Open World Object Detection (OWOD) is a novel computer vision task with a considerable challenge, bridging the gap between classic object detection (OD) and real-world object detection. In addition to detecting and classifying seen/known objects, OWOD algorithms are expected to localize all potential unseen/unknown objects and incrementally learn them. The large pre-trained vision-language grounding models (VLM, e.g., GLIP) have rich knowledge about the open world, but are limited by text prompts and cannot localize indescribable objects. However, there are many detection scenarios in which pre-defined language descriptions are unavailable during inference. In this paper, we attempt to specialize the VLM model for OWOD tasks by distilling its open-world knowledge into a language-agnostic detector. Surprisingly, we observe that the simple knowledge distillation approach leads to unexpected performance for unknown object detection, even with a small amount of data. Unfortunately, knowledge distillation for unknown objects severely affects the learning of detectors with conventional structures, leading to catastrophic damage to the model's ability to learn about known objects. To alleviate these problems, we propose the down-weight training strategy for knowledge distillation from vision-language model to single visual modality one.

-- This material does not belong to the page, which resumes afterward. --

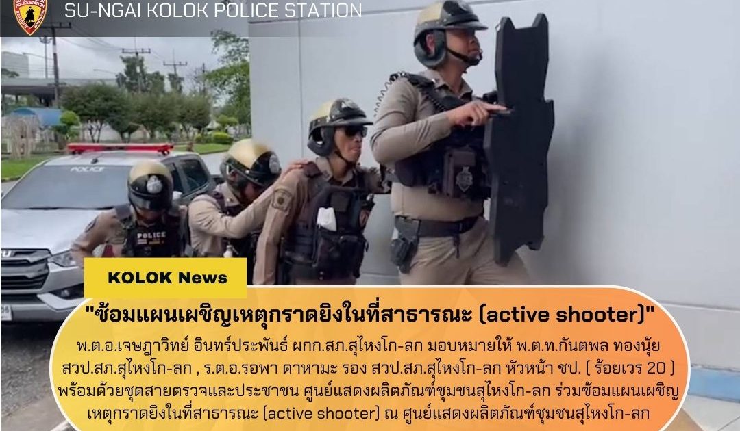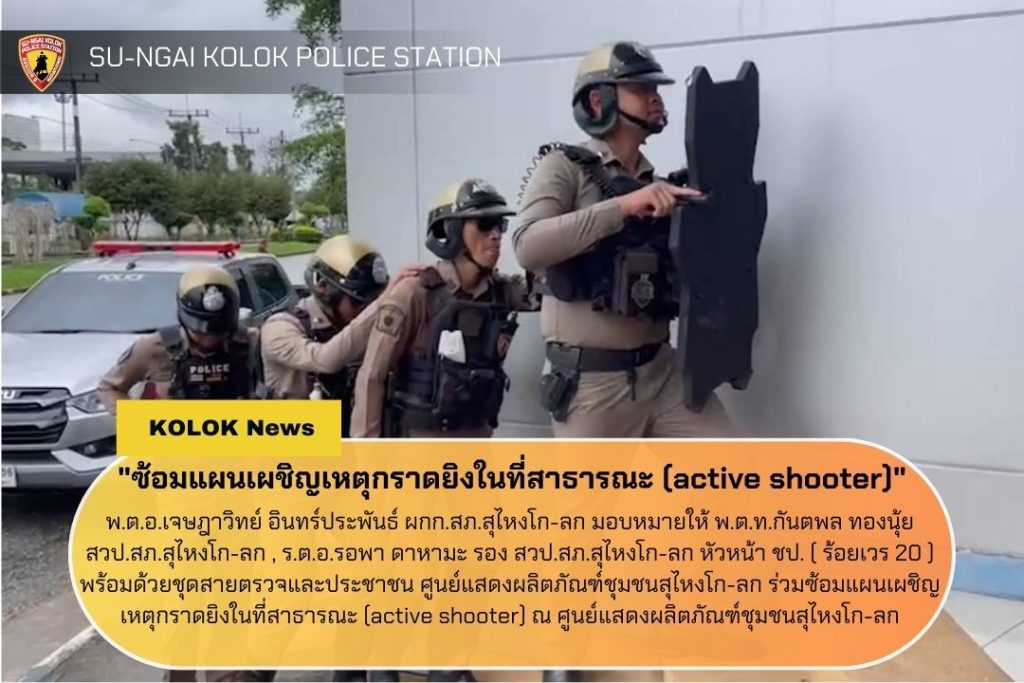 พ.ต.อ.เจษฎาวิทย์ อินทร์ประพันธ์ ผกก.สภ.สุไหงโก-ลก มอบหมายให้ พ.ต.ท.กันตพล ทองนุ้ย สวป.สภ.สุไหงโก-ลก , ร.ต.อ.รอพา ดาหามะ รอง สวป.สภ.สุไหงโก-ลก หัวหน้า ชป. ( ร้อยเวร 20 ) พร้อมด้วยชุดสายตรวจและประชาชน ศูนย์แสดงผลิตภัณฑ์ชุมชนสุไหงโก-ลก ร่วมซ้อมแผนเผชิญเหตุกราดยิงในที่สาธารณะ (active shooter) ณ ศูนย์แสดงผลิตภัณฑ์ชุมชนสุไหงโก-ลก

Meanwhile, we propose the cascade decoupled decoders that decouple the learning of localization and recognition to reduce the impact of category interactions of known and unknown objects on the localization learning process. Ablation experiments demonstrate that both of them are effective in mitigating the impact of open-world knowledge distillation on the learning of known objects. Additionally, to alleviate the current lack of comprehensive benchmarks for evaluating the ability of the open-world detector to detect unknown objects in the open world, we refine the benchmark for evaluating the performance of unknown object detection by augmenting annotations for unknown objects which we name"IntensiveSet$\spadesuit$". Comprehensive experiments performed on OWOD, MS-COCO, and our proposed benchmarks demonstrate the effectiveness of our methods.

查看原文本刊更多论文

SKDF：将开放词汇知识提炼到开放世界对象检测器的简单知识蒸馏框架。

开放世界目标检测（OWOD）是一项具有相当大挑战的新型计算机视觉任务，它弥合了经典目标检测（OD）和现实世界目标检测之间的差距。除了检测和分类可见/已知对象外，OWOD算法还有望定位所有潜在的未见/未知对象并逐步学习它们。大型预训练的视觉语言基础模型（VLM，如GLIP）具有丰富的开放世界知识，但受文本提示的限制，无法定位不可描述的对象。然而，在许多检测场景中，预定义的语言描述在推理期间不可用。在本文中，我们试图通过将其开放世界知识提炼成语言不可知检测器来专门化用于OWOD任务的VLM模型。令人惊讶的是，我们观察到简单的知识蒸馏方法即使在少量数据的情况下也会导致未知对象检测的意想不到的性能。不幸的是，未知对象的知识蒸馏严重影响了传统结构检测器的学习，导致模型学习已知对象的能力受到灾难性的破坏。为了解决这些问题，我们提出了从视觉语言模型到单一视觉模态模型的知识升华的降权训练策略。同时，我们提出了级联解耦解码器，将定位和识别的学习解耦，以减少已知和未知对象的类别交互对定位学习过程的影响。烧蚀实验表明，这两种方法都能有效缓解开放世界知识蒸馏对已知对象学习的影响。此外，为了缓解目前缺乏评估开放世界检测器在开放世界中检测未知物体能力的综合基准的问题，我们通过增加未知物体的注释来改进评估未知物体检测性能的基准，我们将其命名为“intenveset $\spadesuit$”。在OWOD， MS-COCO和我们提出的基准上进行的综合实验证明了我们方法的有效性。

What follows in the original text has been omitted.